─── DATA SUPPLIED

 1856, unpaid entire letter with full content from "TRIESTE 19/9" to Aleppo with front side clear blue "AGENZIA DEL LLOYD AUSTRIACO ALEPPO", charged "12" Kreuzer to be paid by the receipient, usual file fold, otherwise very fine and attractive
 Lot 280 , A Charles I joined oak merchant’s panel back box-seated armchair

──────
─── DATA SUPPLIED

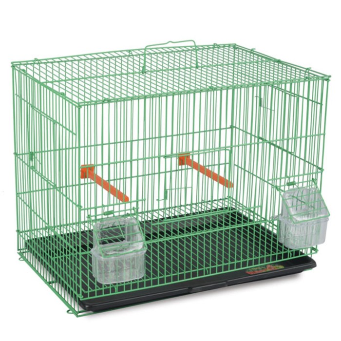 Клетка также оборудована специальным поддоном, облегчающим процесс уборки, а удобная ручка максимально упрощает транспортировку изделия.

──────

* TO DO:
Please reproduce exactly the lines in the listing above from the one containing "1856, unpaid entire" through the one containing "Lot 280 , A", both included, and nothing more.

* TASK OUTPUT:
 1856, unpaid entire letter with full content from "TRIESTE 19/9" to Aleppo with front side clear blue "AGENZIA DEL LLOYD AUSTRIACO ALEPPO", charged "12" Kreuzer to be paid by the receipient, usual file fold, otherwise very fine and attractive
 Lot 280 , A Charles I joined oak merchant’s panel back box-seated armchair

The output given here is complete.